(Stored data entries)

════════════════════

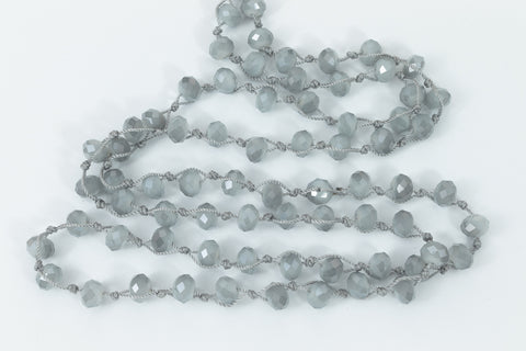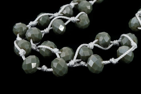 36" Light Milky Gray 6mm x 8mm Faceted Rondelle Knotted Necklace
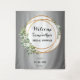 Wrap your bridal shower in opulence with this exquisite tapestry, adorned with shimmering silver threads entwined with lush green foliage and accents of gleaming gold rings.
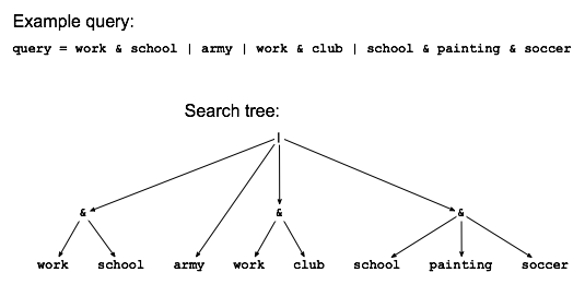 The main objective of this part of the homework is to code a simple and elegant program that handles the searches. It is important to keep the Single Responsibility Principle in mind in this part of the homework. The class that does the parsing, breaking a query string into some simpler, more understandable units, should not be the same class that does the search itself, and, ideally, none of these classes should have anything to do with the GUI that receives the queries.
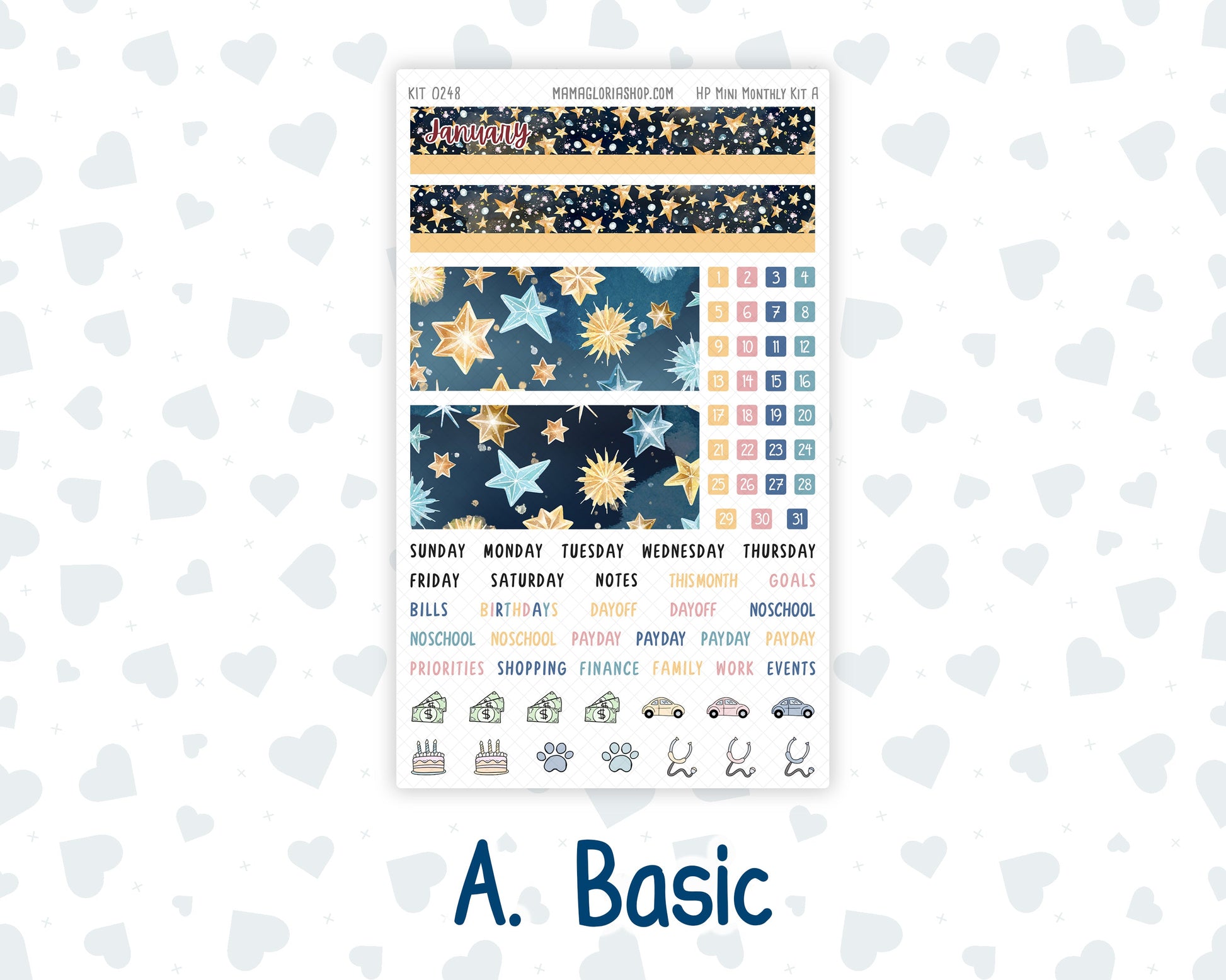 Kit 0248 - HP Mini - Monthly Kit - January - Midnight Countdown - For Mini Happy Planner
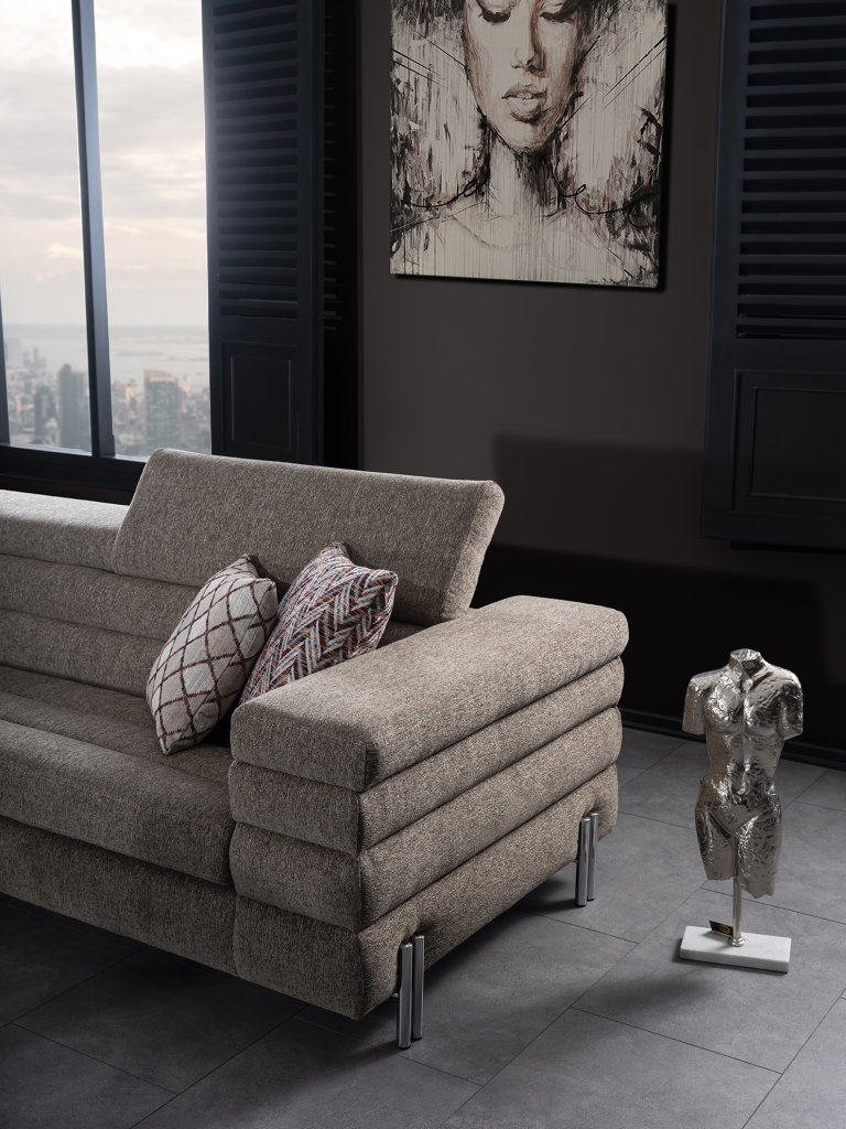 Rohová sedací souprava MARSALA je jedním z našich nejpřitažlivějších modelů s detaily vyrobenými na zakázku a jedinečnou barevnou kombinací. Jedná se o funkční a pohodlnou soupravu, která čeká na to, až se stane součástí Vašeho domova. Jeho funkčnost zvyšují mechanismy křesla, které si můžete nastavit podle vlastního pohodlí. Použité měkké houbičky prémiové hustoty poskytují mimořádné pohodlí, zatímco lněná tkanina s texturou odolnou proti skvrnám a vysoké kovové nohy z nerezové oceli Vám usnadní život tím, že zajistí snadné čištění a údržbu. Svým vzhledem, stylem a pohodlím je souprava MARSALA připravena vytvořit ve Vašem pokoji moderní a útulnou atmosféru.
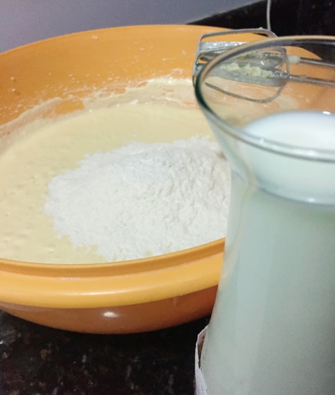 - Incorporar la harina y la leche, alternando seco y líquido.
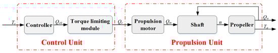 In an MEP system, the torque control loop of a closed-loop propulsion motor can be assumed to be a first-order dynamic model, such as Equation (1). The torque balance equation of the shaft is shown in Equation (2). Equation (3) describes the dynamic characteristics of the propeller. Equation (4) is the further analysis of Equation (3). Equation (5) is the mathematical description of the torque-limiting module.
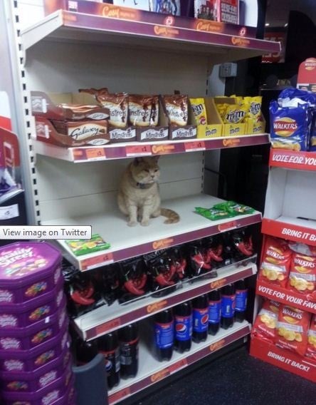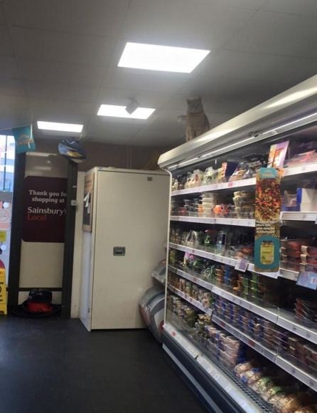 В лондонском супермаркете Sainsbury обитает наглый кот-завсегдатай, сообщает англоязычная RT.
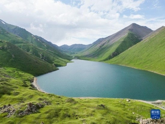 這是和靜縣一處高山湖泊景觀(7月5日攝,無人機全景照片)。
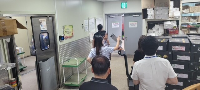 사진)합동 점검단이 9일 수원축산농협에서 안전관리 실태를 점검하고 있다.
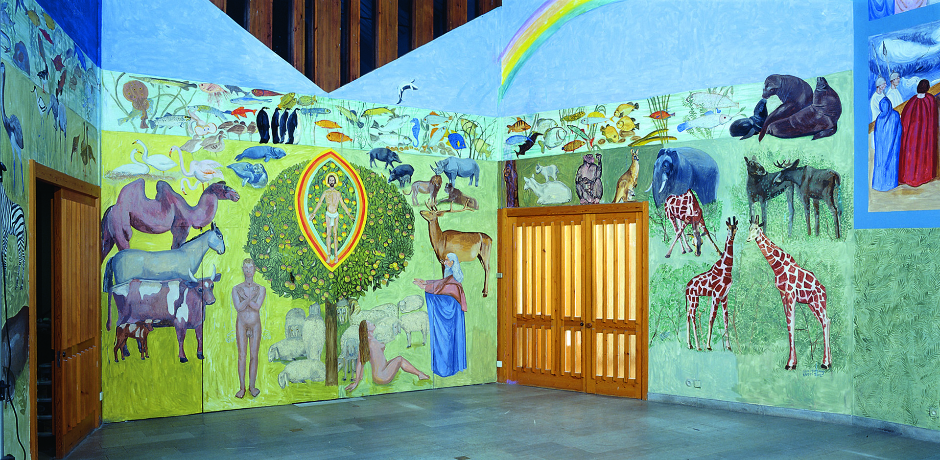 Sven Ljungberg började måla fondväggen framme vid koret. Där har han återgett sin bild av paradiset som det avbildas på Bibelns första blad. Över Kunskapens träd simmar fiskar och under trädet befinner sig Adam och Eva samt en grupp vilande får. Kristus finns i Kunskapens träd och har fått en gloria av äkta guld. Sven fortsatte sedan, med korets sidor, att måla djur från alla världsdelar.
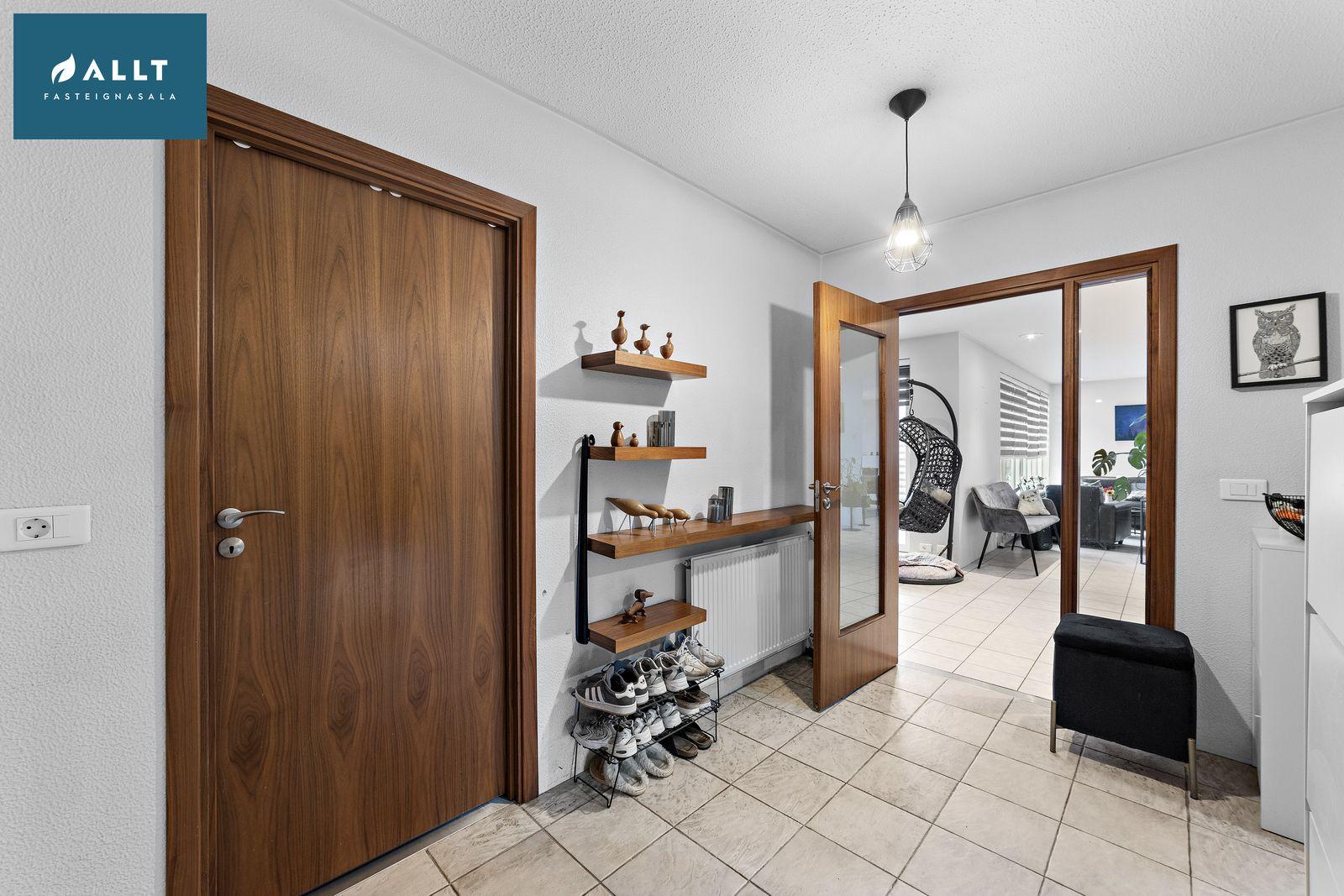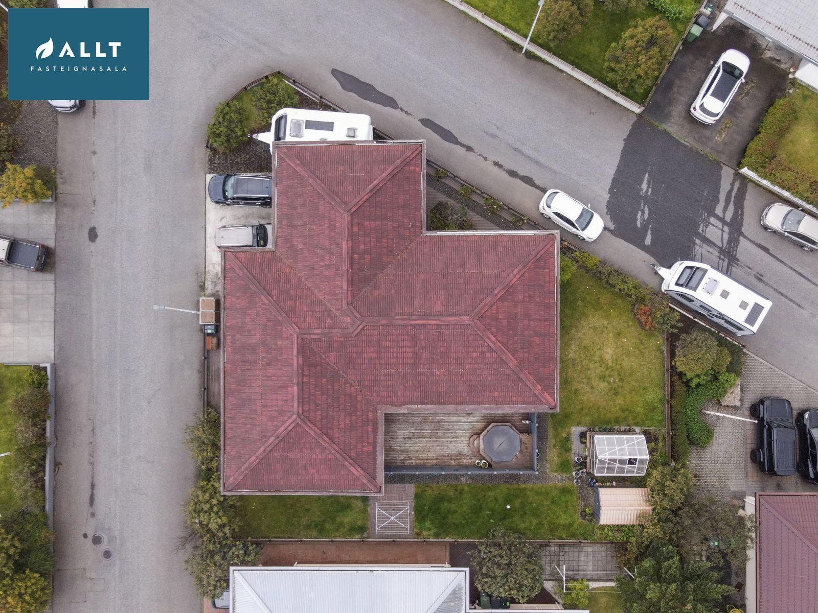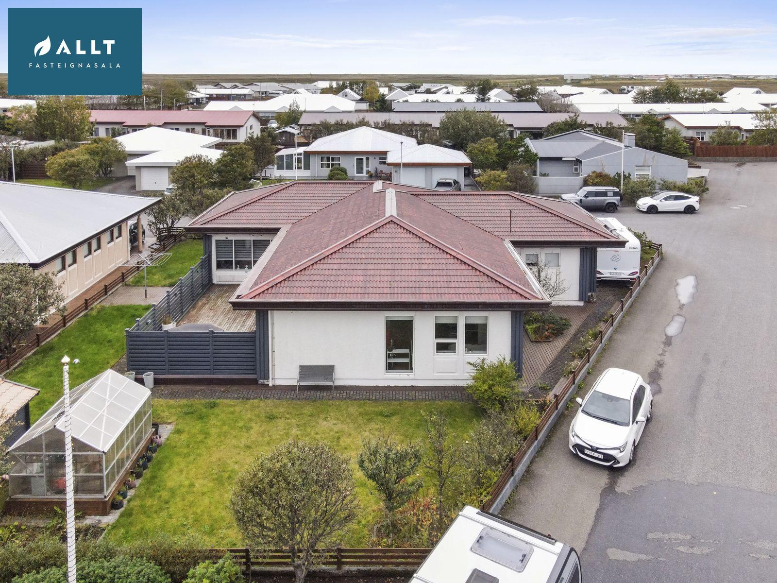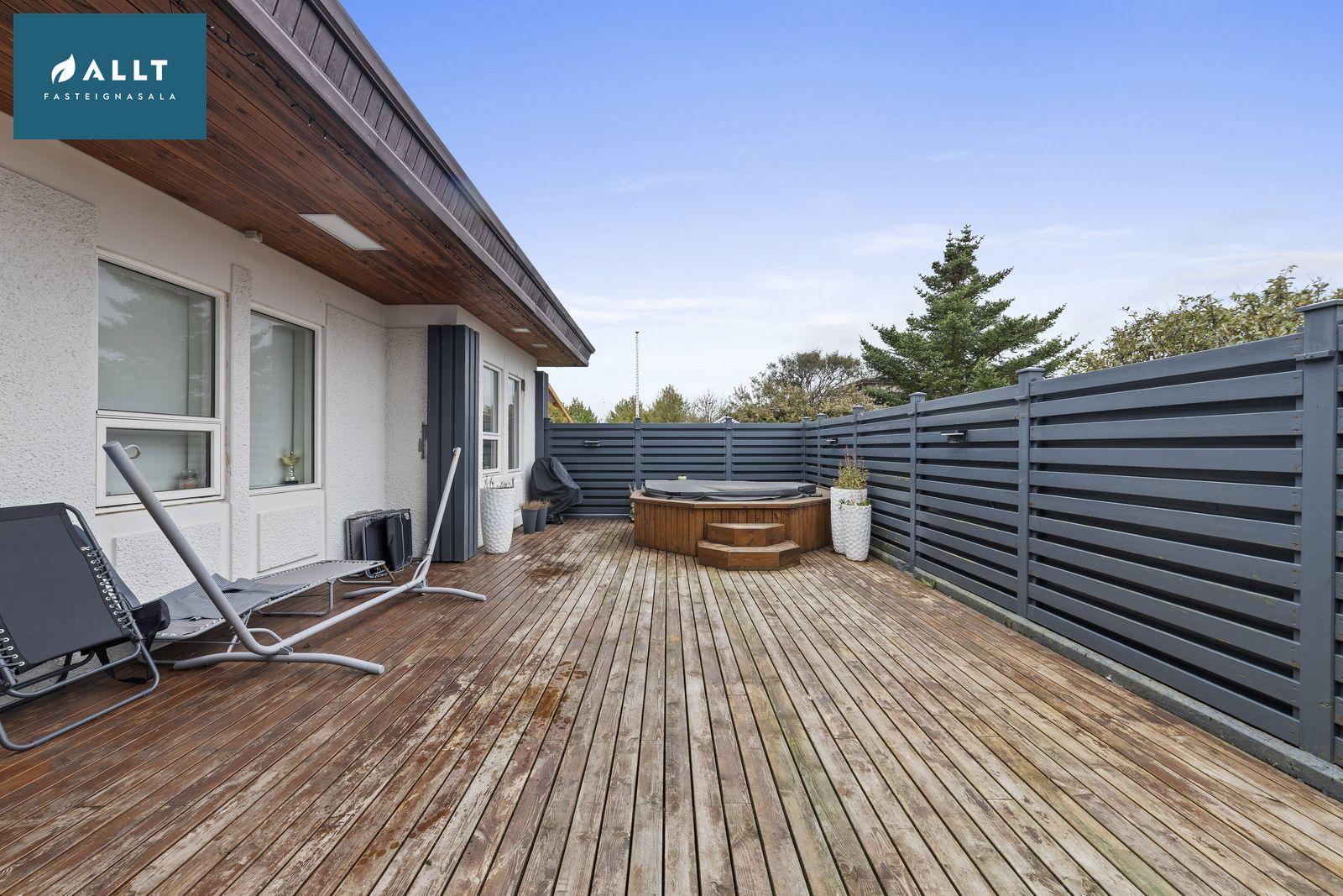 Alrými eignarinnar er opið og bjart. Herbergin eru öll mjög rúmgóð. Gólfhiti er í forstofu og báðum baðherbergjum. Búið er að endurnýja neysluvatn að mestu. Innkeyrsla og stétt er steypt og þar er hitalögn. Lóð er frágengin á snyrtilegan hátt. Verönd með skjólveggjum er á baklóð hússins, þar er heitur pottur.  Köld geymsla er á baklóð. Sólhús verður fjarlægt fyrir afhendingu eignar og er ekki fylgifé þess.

════════════════════

**EXERCISE DIRECTIONS**
Please set down the records above verbatim, with each picture left out.

**SOLUTION TO THIS EXERCISE**
 36" Light Milky Gray 6mm x 8mm Faceted Rondelle Knotted Necklace
 Wrap your bridal shower in opulence with this exquisite tapestry, adorned with shimmering silver threads entwined with lush green foliage and accents of gleaming gold rings.
 The main objective of this part of the homework is to code a simple and elegant program that handles the searches. It is important to keep the Single Responsibility Principle in mind in this part of the homework. The class that does the parsing, breaking a query string into some simpler, more understandable units, should not be the same class that does the search itself, and, ideally, none of these classes should have anything to do with the GUI that receives the queries.
 Kit 0248 - HP Mini - Monthly Kit - January - Midnight Countdown - For Mini Happy Planner
 Rohová sedací souprava MARSALA je jedním z našich nejpřitažlivějších modelů s detaily vyrobenými na zakázku a jedinečnou barevnou kombinací. Jedná se o funkční a pohodlnou soupravu, která čeká na to, až se stane součástí Vašeho domova. Jeho funkčnost zvyšují mechanismy křesla, které si můžete nastavit podle vlastního pohodlí. Použité měkké houbičky prémiové hustoty poskytují mimořádné pohodlí, zatímco lněná tkanina s texturou odolnou proti skvrnám a vysoké kovové nohy z nerezové oceli Vám usnadní život tím, že zajistí snadné čištění a údržbu. Svým vzhledem, stylem a pohodlím je souprava MARSALA připravena vytvořit ve Vašem pokoji moderní a útulnou atmosféru.
 - Incorporar la harina y la leche, alternando seco y líquido.
 In an MEP system, the torque control loop of a closed-loop propulsion motor can be assumed to be a first-order dynamic model, such as Equation (1). The torque balance equation of the shaft is shown in Equation (2). Equation (3) describes the dynamic characteristics of the propeller. Equation (4) is the further analysis of Equation (3). Equation (5) is the mathematical description of the torque-limiting module.
 В лондонском супермаркете Sainsbury обитает наглый кот-завсегдатай, сообщает англоязычная RT.
 這是和靜縣一處高山湖泊景觀(7月5日攝,無人機全景照片)。
 사진)합동 점검단이 9일 수원축산농협에서 안전관리 실태를 점검하고 있다.
 Sven Ljungberg började måla fondväggen framme vid koret. Där har han återgett sin bild av paradiset som det avbildas på Bibelns första blad. Över Kunskapens träd simmar fiskar och under trädet befinner sig Adam och Eva samt en grupp vilande får. Kristus finns i Kunskapens träd och har fått en gloria av äkta guld. Sven fortsatte sedan, med korets sidor, att måla djur från alla världsdelar.
 Alrými eignarinnar er opið og bjart. Herbergin eru öll mjög rúmgóð. Gólfhiti er í forstofu og báðum baðherbergjum. Búið er að endurnýja neysluvatn að mestu. Innkeyrsla og stétt er steypt og þar er hitalögn. Lóð er frágengin á snyrtilegan hátt. Verönd með skjólveggjum er á baklóð hússins, þar er heitur pottur.  Köld geymsla er á baklóð. Sólhús verður fjarlægt fyrir afhendingu eignar og er ekki fylgifé þess.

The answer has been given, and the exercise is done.